• Brief: Give back exactly the lines of the entries below from the line with "٢٣٢٢٦ - عن مسروق،" to the line with "2. 하단 메뉴 [혜택]", inclusive, and only those.

• Extracted material:
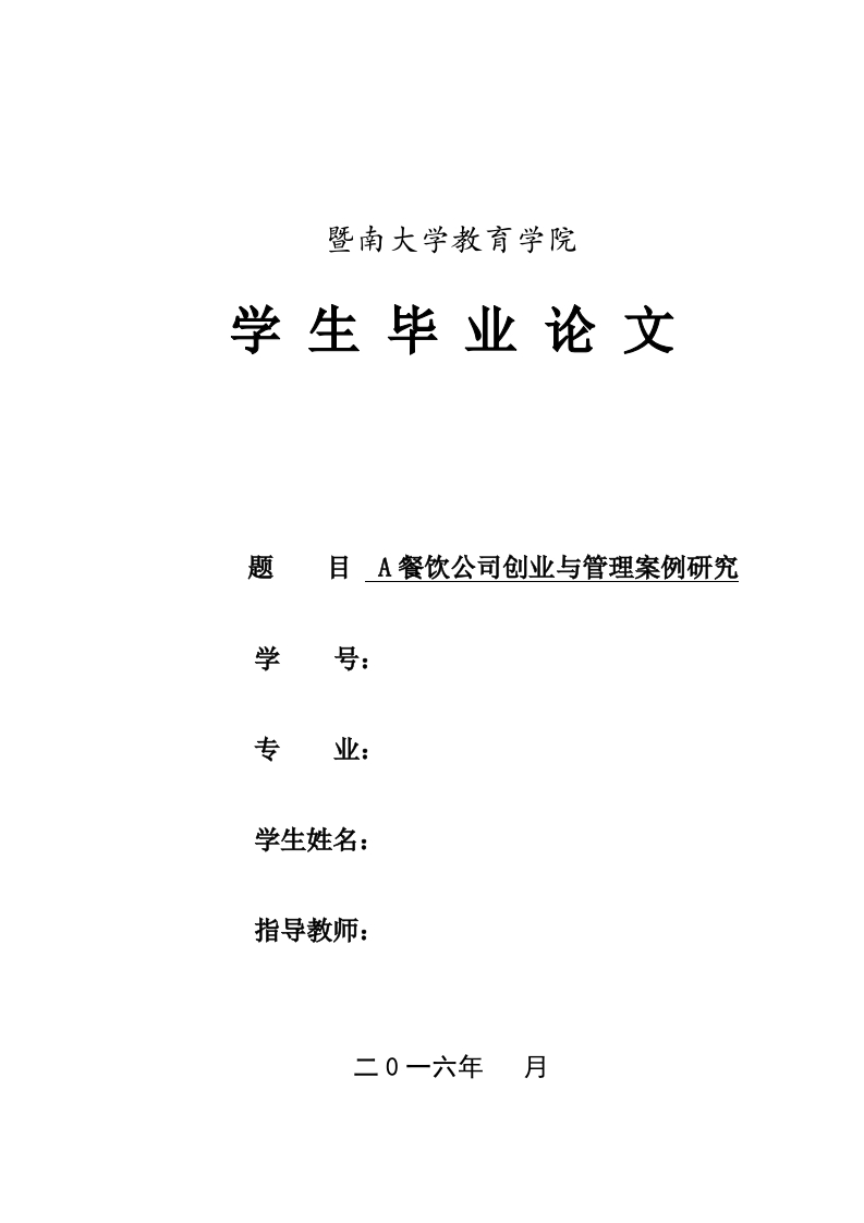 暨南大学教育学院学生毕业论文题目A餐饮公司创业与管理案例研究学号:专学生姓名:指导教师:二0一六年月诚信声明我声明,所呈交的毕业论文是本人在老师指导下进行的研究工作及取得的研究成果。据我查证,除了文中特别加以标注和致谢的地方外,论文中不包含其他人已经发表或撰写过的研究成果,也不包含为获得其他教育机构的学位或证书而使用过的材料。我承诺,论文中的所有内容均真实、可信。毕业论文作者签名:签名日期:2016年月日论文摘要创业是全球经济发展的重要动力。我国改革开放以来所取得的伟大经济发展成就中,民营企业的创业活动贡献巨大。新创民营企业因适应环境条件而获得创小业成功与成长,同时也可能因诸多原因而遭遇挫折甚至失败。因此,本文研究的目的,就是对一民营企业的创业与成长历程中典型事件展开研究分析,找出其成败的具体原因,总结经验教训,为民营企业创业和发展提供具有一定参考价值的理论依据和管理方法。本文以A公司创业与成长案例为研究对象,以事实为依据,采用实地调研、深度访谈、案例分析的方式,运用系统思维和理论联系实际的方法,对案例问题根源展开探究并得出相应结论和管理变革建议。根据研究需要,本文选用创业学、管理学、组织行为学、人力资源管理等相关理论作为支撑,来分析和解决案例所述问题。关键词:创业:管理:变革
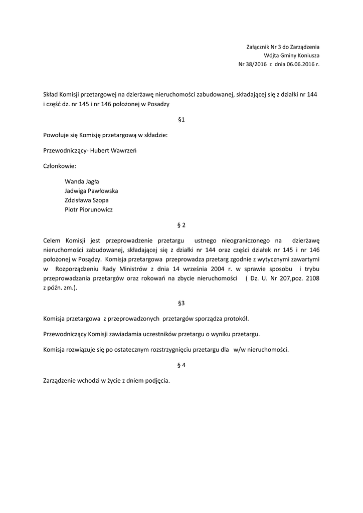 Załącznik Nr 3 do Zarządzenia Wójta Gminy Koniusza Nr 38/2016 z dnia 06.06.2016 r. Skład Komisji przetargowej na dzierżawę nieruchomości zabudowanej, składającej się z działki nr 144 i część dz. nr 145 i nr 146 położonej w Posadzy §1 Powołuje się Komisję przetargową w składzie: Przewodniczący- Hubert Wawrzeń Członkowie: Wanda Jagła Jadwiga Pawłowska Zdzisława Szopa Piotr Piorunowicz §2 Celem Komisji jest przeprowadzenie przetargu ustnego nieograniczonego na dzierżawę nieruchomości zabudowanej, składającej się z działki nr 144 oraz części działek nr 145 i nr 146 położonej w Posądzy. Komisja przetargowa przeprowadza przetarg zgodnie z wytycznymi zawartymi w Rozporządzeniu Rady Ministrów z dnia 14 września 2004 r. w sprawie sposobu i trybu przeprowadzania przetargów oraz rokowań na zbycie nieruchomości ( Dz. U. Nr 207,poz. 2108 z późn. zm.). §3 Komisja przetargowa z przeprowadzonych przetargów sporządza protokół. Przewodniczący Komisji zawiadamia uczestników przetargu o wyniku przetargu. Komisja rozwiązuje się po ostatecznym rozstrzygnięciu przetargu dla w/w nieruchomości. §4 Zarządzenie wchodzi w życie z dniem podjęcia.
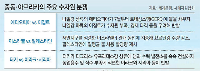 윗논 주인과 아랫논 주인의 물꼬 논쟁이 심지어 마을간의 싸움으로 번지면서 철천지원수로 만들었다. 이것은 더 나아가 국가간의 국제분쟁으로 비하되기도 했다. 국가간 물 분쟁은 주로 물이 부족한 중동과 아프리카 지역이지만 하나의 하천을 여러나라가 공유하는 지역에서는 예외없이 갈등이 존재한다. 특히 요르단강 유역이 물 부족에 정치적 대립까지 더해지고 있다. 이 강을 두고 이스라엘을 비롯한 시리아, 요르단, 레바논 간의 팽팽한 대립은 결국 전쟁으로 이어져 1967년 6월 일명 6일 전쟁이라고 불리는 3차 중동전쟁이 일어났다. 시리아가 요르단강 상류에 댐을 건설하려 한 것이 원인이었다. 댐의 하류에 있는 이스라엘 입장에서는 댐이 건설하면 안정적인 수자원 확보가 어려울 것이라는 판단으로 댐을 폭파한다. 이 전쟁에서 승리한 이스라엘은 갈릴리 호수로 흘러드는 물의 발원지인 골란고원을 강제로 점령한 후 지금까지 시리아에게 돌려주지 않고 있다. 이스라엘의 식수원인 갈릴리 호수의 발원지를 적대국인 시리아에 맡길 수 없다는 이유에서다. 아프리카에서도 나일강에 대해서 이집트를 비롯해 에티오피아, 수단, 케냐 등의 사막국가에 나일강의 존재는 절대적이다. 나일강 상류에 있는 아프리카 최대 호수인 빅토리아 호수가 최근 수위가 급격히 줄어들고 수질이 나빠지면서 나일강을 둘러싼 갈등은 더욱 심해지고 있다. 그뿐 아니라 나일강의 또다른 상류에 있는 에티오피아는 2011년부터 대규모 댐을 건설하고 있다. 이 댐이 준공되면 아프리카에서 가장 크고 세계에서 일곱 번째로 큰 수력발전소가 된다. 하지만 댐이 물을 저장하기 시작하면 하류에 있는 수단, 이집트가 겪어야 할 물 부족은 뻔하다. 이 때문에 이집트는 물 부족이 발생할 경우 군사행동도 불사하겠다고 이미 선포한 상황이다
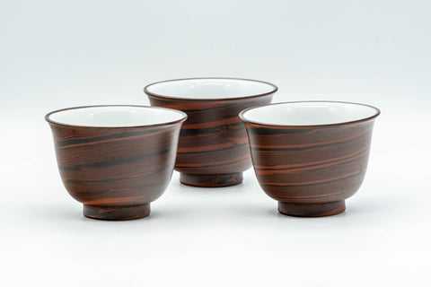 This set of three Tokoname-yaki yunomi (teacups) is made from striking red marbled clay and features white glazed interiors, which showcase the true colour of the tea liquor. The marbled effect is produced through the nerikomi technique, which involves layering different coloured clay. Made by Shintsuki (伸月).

--

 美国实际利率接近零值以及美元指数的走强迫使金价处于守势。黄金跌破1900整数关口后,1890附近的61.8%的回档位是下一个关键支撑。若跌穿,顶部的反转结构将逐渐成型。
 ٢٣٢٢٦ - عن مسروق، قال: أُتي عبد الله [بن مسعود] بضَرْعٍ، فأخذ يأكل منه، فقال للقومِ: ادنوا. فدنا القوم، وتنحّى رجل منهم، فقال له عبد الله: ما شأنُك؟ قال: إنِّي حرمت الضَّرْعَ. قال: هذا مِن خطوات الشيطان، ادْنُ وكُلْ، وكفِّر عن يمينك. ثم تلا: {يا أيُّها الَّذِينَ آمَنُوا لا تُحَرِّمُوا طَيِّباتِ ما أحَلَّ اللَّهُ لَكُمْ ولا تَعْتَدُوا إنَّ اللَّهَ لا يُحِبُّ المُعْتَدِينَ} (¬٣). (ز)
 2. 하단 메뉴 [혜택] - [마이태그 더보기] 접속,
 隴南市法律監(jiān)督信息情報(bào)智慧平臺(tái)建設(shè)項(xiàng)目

• Completed exercise:
 ٢٣٢٢٦ - عن مسروق، قال: أُتي عبد الله [بن مسعود] بضَرْعٍ، فأخذ يأكل منه، فقال للقومِ: ادنوا. فدنا القوم، وتنحّى رجل منهم، فقال له عبد الله: ما شأنُك؟ قال: إنِّي حرمت الضَّرْعَ. قال: هذا مِن خطوات الشيطان، ادْنُ وكُلْ، وكفِّر عن يمينك. ثم تلا: {يا أيُّها الَّذِينَ آمَنُوا لا تُحَرِّمُوا طَيِّباتِ ما أحَلَّ اللَّهُ لَكُمْ ولا تَعْتَدُوا إنَّ اللَّهَ لا يُحِبُّ المُعْتَدِينَ} (¬٣). (ز)
 2. 하단 메뉴 [혜택] - [마이태그 더보기] 접속,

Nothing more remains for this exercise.